TASK ITEM →
In the entries below, the lines from the one with "خاتم راقي من" through the one with "本公司業(yè)務(wù)員" are to be copied exactly; both ends count.

EXTRACTED RECORDS →
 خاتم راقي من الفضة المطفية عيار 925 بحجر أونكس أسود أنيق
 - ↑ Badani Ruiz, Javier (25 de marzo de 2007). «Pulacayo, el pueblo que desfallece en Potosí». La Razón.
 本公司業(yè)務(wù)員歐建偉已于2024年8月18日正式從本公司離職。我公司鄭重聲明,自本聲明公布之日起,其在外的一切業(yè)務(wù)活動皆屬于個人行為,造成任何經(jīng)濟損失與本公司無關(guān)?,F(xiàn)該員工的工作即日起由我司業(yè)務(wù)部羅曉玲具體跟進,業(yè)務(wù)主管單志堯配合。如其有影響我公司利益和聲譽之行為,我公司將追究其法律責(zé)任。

---

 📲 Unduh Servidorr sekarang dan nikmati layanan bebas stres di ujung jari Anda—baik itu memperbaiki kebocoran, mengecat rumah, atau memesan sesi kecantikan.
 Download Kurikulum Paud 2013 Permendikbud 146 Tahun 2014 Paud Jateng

SOLUTION TO THE EXERCISE →
 خاتم راقي من الفضة المطفية عيار 925 بحجر أونكس أسود أنيق
 - ↑ Badani Ruiz, Javier (25 de marzo de 2007). «Pulacayo, el pueblo que desfallece en Potosí». La Razón.
 本公司業(yè)務(wù)員歐建偉已于2024年8月18日正式從本公司離職。我公司鄭重聲明,自本聲明公布之日起,其在外的一切業(yè)務(wù)活動皆屬于個人行為,造成任何經(jīng)濟損失與本公司無關(guān)?,F(xiàn)該員工的工作即日起由我司業(yè)務(wù)部羅曉玲具體跟進,業(yè)務(wù)主管單志堯配合。如其有影響我公司利益和聲譽之行為,我公司將追究其法律責(zé)任。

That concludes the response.